Wide Awake Developers

Thread Pools and Erlang Models

| Comments

Sizing, Danish Style

Folks in telecommunications and operations research have used Erlang models for almost a century. A. K. Erlang, a Danish telephone engineer, developed these models to help plan the capacity of the phone network and predict the grade of service that could be guaranteed, given some basic metrics about call volume and duration. Telephone networks are expensive to deploy, particularly when upgrading your trunk lines involves digging up large portions of rocky Danish ground or running cables under the North Sea.

The Erlang-B formula predicts the probability that an incoming call cannot be serviced, based on the call arrival rate, average call time, and number of lines available.  Erlang-C is similar, but allows for calls to be queued while waiting for service. It predicts the probability that a call will be queued. It can also show when calls will never be serviced, because the rate of arriving calls exceeds the system’s total capacity to serve them.

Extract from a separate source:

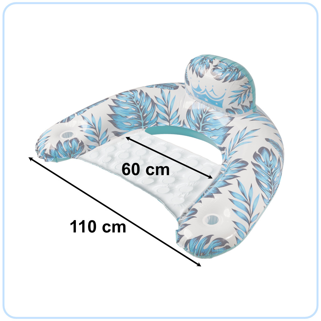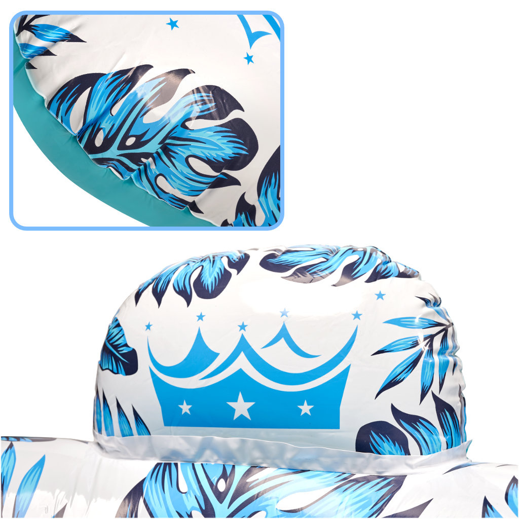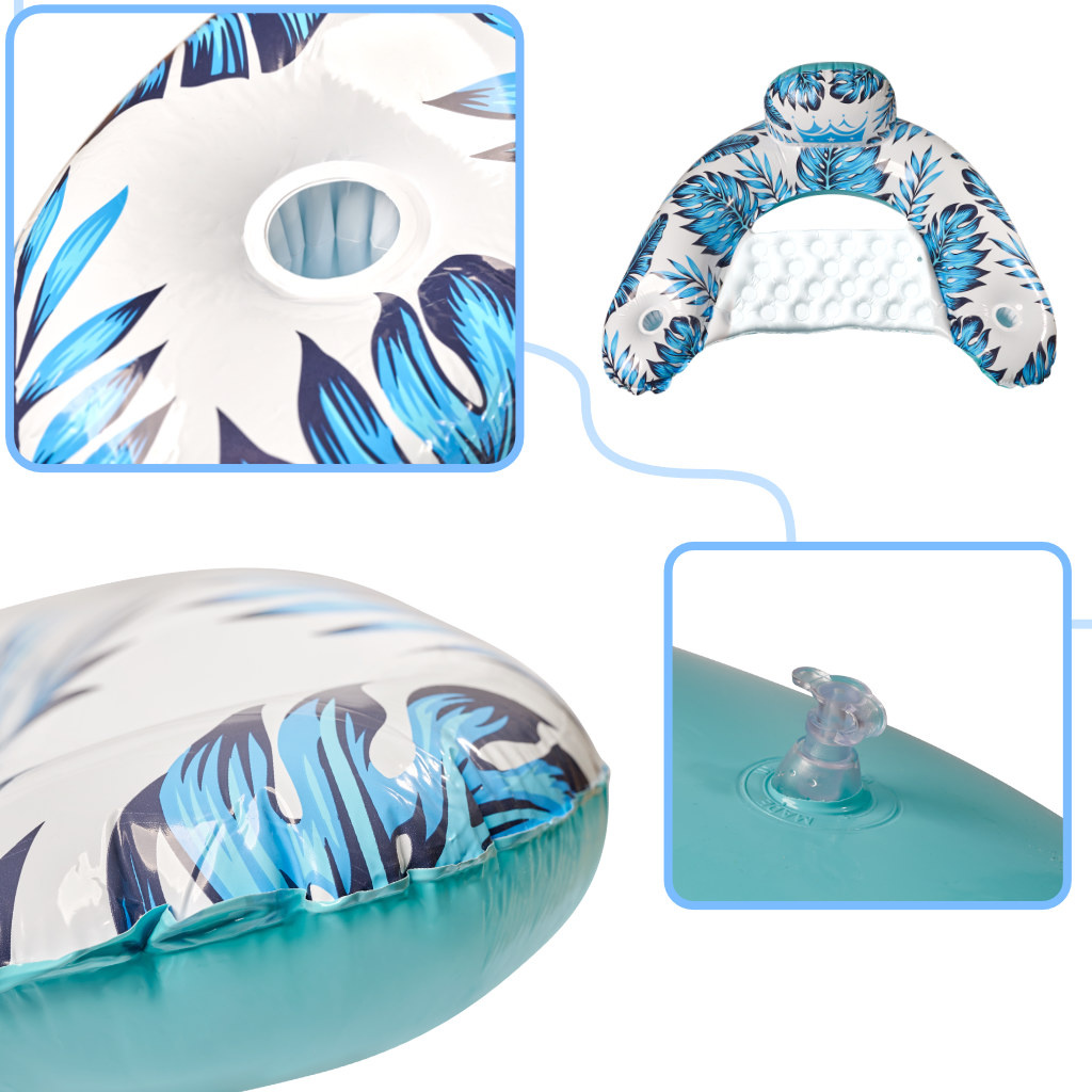 Освен очевидното удобство, което продуктът предоставя, надуваемият стол предлага и визуално изживяване - интересен и цветен дизайн с мотив на палма и листа на монстера със сигурност ще привлече вниманието на много хора!
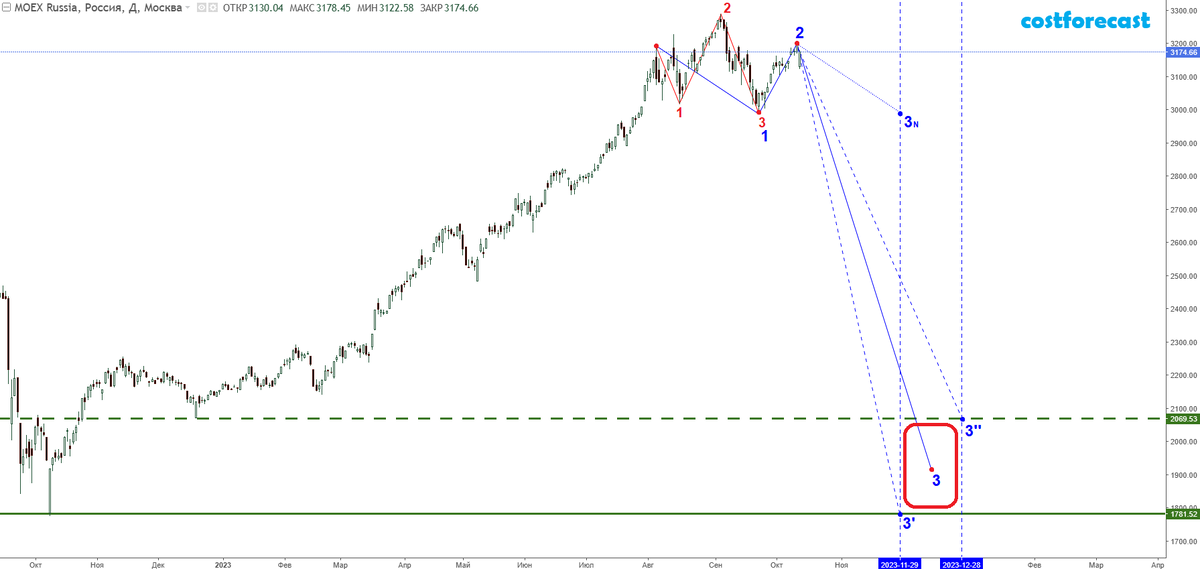 Анализ фрактальной структуры графика индекса ММВБ показывает, что в краткосрочном периоде времени наиболее вероятной будущая динамика значений индекса будет нисходящей в рамках формирования 3-го сегмента фрактала, обозначенного на графике синим цветом. Завершение синего фрактала стоит ожидать на временном интервале (29.11.2023; 28.12.2023) в диапазоне значений (1781,52; 2069,53).

Erlang models are widely used in telecomm, including GPRS network sizing, trunk line sizing, call center staffing models, and other capacity planning arenas where request arrival is apparently random. In fact, you can use it to predict the capacity and wait time at a restaurant, bank branch, or theme park, too.

It should be pretty obvious that Erlang models are widely applicable in computer performance analysis, too. There’s a rich body of literature on this subject that goes back to the dawn of the mainframe. Erlang models are the foundation of most capacity management groups. I’m not even going to scratch the surface here, except to show how some back-of-the-envelope calculations can help you save millions of dollars.

One Million Page Views

In my case, I wanted to look at thread pool sizing. Suppose you have an even 1,000,000 requests per hour to handle. This implies an arrival rate (or lambda) of 0.27777… requests per millisecond. (Erlang units are dimensionless, but you need to start with the same units of time, whether it’s hours, days, or milliseconds.) I’m going to assume for the moment that the system is pretty fast, so it handles a request in 250 milliseconds, on average.

(Please note that there are many assumptions underneath simply statements like "on average". For the moment, I’ll pretend that request processing time follows a normal distribution, even though any modern system is more likely to be bimodal.)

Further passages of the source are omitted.